Correspondence: Ji-Wei Xu, Department of Hepatobiliary Surgery, Meizhou People’s Hospital, No. 38 Huangtang Road, Meizhou, 514000, People’s Republic of China, Tel +0086-13823832715, Email javeeht@163.com

Background and Objectives: The prognostic role of remnant cholesterol (RC) in hepatocellular carcinoma (HCC) remains unexplored. This study aimed to investigate the association between RC and overall survival (OS) in HCC patients after hepatectomy and to develop a robust prognostic model.

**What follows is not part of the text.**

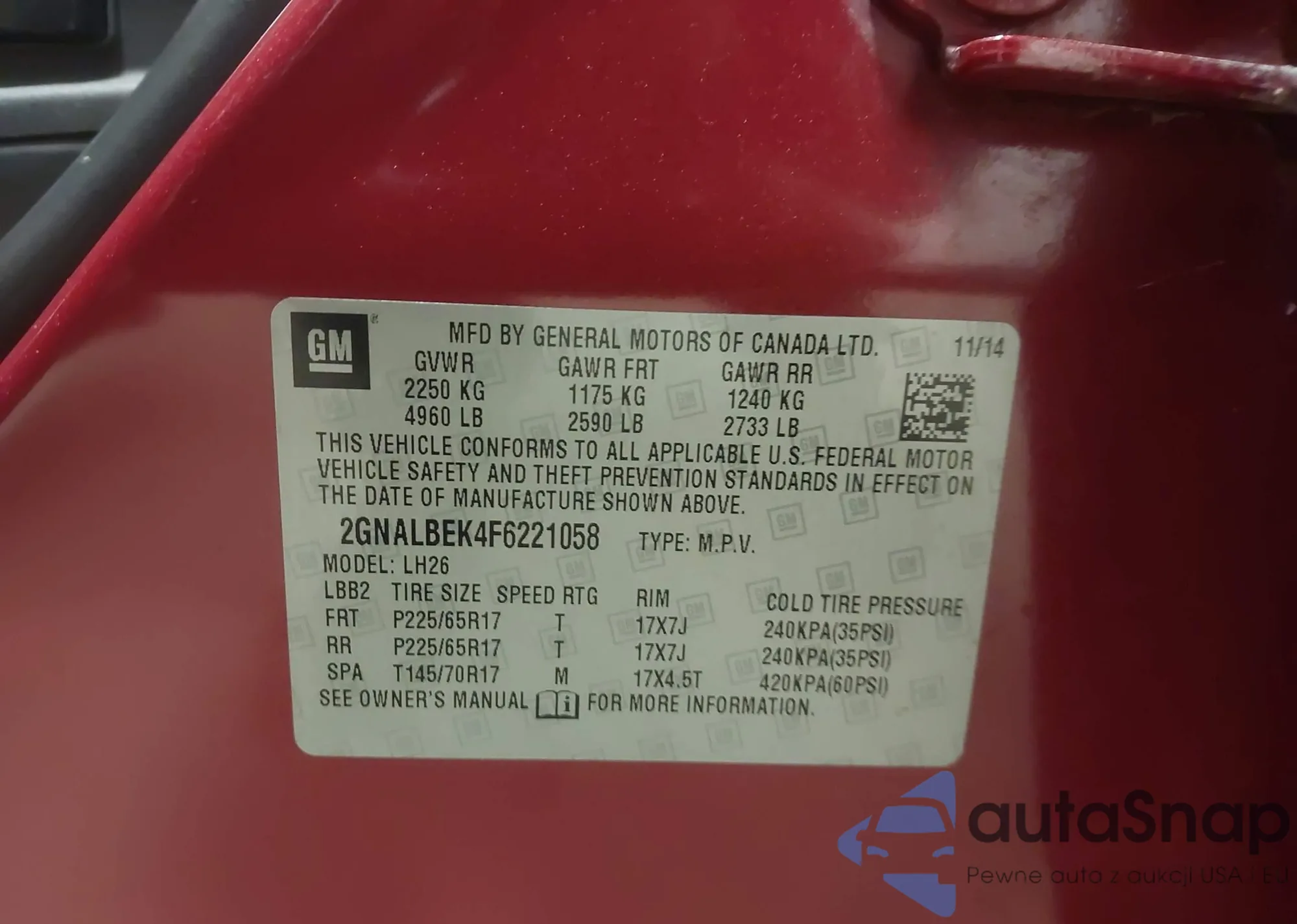 • VIN 2GNALBEK4F6221058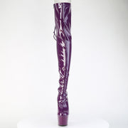 7 Inch Heel, 2 3/4 Inch Platform Lace-Up Back Stretch Thigh Boot, Side Zip

Materials and Methods: 439 HCC patients who underwent curative hepatectomy were retrospectively analyzed. RC was calculated as total cholesterol minus (HDL-c + LDL-c). To specifically evaluate the potential nonlinear relationship, the association between RC and OS was assessed using restricted cubic splines (RCS) in addition to Cox regression and subgroup analyses. A machine learning approach employing nine algorithms was used to develop a prognostic model, with model interpretability achieved using SHapley Additive exPlanations (SHAP). An online predictive tool was subsequently deployed.
Results: A significant U-shaped relationship between RC and OS (P for non-linearity = 0.013) was identified, with the lowest risk observed at approximately 1.04 mmol/L. Both too low and too high RC levels were independent predictors of worse OS. Among the machine learning models, XGBoost demonstrated superior and consistent performance for predicting 1-, 3-, and 5-year OS. SHAP analysis confirmed RC as a key predictive feature, alongside TNM stage and tumor characteristics. An interactive web-based tool was successfully implemented for clinical use.
Conclusion: RC demonstrates a novel U-shaped association with HCC postoperative survival in an Asian HBV-endemic cohort, underscoring its role as a significant biomarker reflecting metabolic imbalance. The developed machine learning model, which integrates RC, provides accurate, interpretable, and individualized risk assessment, offering a valuable tool for clinical prognostication and potential guidance for personalized management strategies.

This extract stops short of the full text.